The Bag of Words Data Set in the UCI Machine Learning Repository contains five text collections.
In each of these text collections, each document is summarized as a bag (multiset, set with multiplicities) of words. The individual documents are identified by document IDs and the words are identified by word IDs.
After some cleaning up, in each collection the vocabulary of unique words has been truncated to only keep words that occurred more than ten times overall in that collection.
For each collection XYZ:
vocab.XYZ.txt is the vocabulary file, listing all words that appear in the collection XYZ, one word per line.

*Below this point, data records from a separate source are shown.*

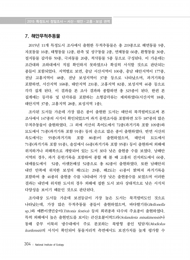 2015 특정도서 정밀조사 서산·태안·고흥·보성 권역 304 ? National Institute of Ecology 7. 해안무척추동물 2015년 11개 특정도서 조사에서 출현한 무척추동물은 총 219종으로 해면동물 9종, 자포동물 16종, 태형동물 12종, 완족 및 성구동물 2종, 연체동물 66종, 환형동물 30종, 절지동물 갑각류 59종, 극피동물 20종, 척삭동물 5종 등으로 구성된다. 이 가운데는 조간대와 조하대에서 직접 확인하지 못하였으나 확실히 서식할 것으로 판단되는 종들이 포함되었다. 지역별로 보면, 충남 서산지역이 100종, 충남 태안지역이 177종, 전남 고흥지역이 48종, 전남 보성지역이 37종 등으로 나타났으며, 과거기록을 포함하면, 서산지역 168종, 태안지역 231종, 고흥지역 82...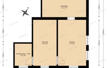 - konyha, szoba + tágas hálófülke, fürdőszoba WC-vel elrendezés;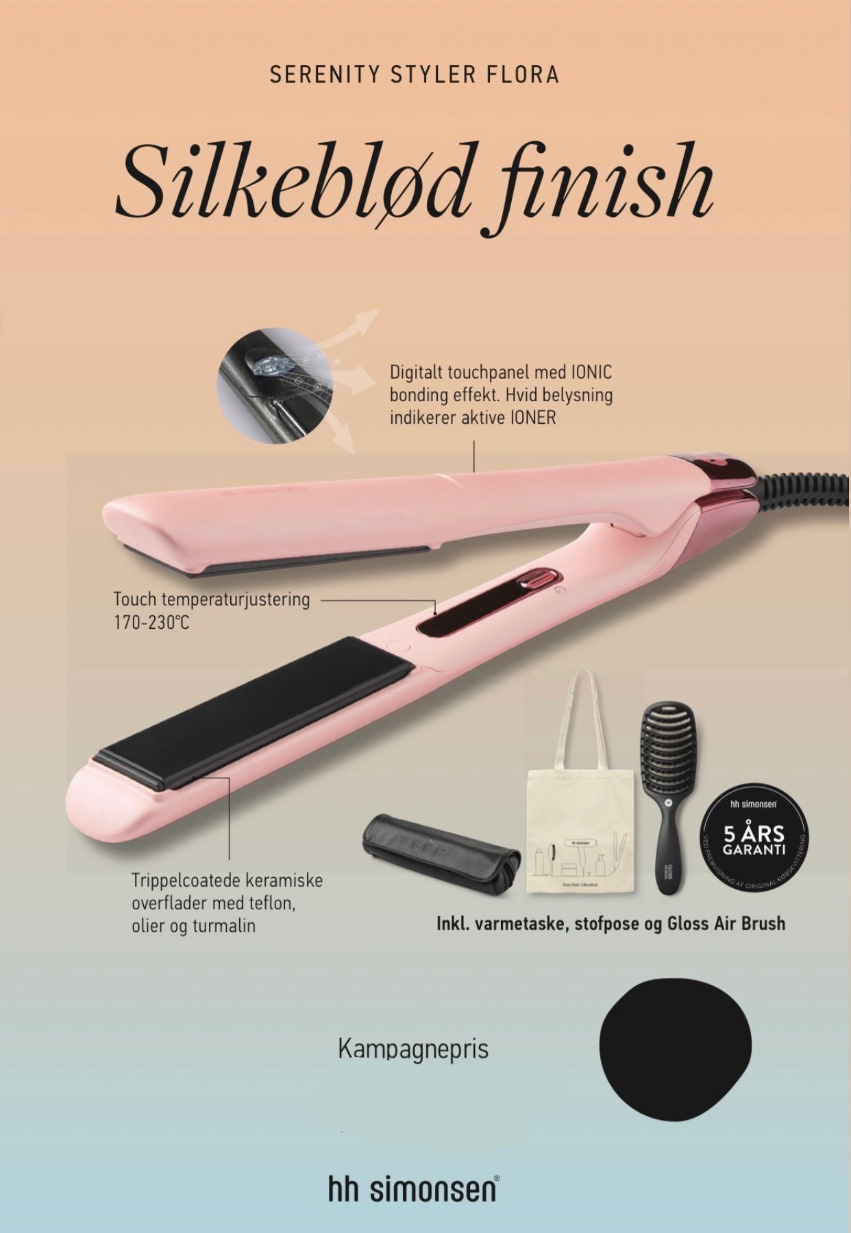 HH Simonsen - Serenity Styler - Flora/pink - inkl. Gloss Air Brush + luksuriøs varmetaske og stofpose - SS26 (virði kr. 1.699,90) - JÚST KOMIÐ

Each word has an implicit wordID that is its line number in this file, starting with 1 (the word on line 1 has wordID 1, the word on line 2 has wordID 2, ...)

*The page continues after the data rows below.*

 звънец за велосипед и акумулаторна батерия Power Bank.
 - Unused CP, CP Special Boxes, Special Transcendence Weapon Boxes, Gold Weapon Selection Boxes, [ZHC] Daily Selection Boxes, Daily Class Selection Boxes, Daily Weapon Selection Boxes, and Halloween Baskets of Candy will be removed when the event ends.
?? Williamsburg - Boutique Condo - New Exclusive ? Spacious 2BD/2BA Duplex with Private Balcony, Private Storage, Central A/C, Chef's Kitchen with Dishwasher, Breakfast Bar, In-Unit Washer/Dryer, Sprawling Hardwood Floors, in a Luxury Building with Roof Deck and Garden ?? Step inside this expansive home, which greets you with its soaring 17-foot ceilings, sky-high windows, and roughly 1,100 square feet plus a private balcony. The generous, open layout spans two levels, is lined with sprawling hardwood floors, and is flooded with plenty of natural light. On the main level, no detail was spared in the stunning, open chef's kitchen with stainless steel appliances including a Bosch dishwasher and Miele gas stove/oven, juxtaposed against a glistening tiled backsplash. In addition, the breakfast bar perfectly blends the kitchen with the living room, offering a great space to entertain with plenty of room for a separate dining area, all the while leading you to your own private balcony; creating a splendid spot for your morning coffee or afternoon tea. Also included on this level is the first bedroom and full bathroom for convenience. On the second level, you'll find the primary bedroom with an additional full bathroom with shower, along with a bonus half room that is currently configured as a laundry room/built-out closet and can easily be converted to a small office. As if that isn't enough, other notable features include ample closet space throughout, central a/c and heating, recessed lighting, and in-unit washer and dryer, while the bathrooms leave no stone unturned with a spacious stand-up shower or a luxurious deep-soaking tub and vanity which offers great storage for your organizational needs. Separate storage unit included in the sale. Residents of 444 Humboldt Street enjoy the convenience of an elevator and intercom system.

docword.XYZ.txt lists out the number of times each word in vocab.XYZ.txt occurs in each document (only non-zero counts are recorded).
The file docword.XYZ.txt begins with 3 header lines
D W NNZ
where D is the number of documents in the collection, W is the number of words whose frequency is counted (i.e., W is the number of words in vocab.XYZ.txt) and NNZ is the number of non-zero frequency entries for this collection (i.e. NNZ is 3 less than the number of lines in docword.XYZ.txt).

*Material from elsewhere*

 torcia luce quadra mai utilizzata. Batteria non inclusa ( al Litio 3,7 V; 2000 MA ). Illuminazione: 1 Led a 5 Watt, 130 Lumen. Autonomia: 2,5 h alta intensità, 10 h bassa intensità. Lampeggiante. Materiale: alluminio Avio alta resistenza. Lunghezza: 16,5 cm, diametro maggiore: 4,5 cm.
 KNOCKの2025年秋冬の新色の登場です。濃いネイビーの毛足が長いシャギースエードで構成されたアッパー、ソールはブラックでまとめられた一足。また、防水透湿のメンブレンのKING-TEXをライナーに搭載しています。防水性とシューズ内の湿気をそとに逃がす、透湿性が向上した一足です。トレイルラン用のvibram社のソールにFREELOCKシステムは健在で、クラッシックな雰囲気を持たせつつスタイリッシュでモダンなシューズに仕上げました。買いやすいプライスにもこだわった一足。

This is followed by NNZ lines of the form
docID wordID count
where count is the number of time the word with id wordID appears in document with id docID. Remember that only non-zero counts are recorded.
Enron Emails:
orig source: www.cs.cmu.edu/~enron D=39861 W=28102 N=6,400,000 (approx)
NIPS full papers:
orig source: books.nips.cc D=1500 W=12419 N=1,900,000 (approx)
KOS blog entries:
orig source: dailykos.com D=3430 W=6906 N=467714
NYTimes news articles:
orig source: ldc.upenn.edu D=300000 W=102660 N=100,000,000 (approx)
PubMed abstracts:
orig source: www.pubmed.gov D=8200000 W=141043 N=730,000,000 (approx)
Your task is to compute frequent itemsets for this data. As usual, a K-itemset of words is a collection of words of size K that occur together in the same document. Write a program to find all K-itemsets of words occurring with frequency F, where K and F are parameters to your program.
The datasets are of different sizes. Report your results on the three smaller datasets (Enron emails, NIPS full papers, KOS blog entries) for different values of K and F. In addition to the actual output, report the time it took to complete the job and, in case your program did not terminate for a given dataset and combination of K and F, report how long you tried before you gave up.
You can use any programming language, including Python and R. You can make use of standard packages for analytics and machine learning. Clearly document any external packages used by your code.
Submit the following via Moodle, as a Jupyter notebook if you are using Python and as a single archive (zip, tar.gz, …) otherwise:
The code you used to solve the assignment.
If you have voluminous output to report, save it somewhere on the cloud and provide a link.
A short write up describing how your code ran on the data sets: the parameters used, time taken, space required, and anything else of interest.
You may work alone or in groups of two. Each group makes a single submission to Moodle. Use either person's Moodle account to submit. The submission should mention the names of the two partners.
There will be a short oral presentation and question/answer session for each submission.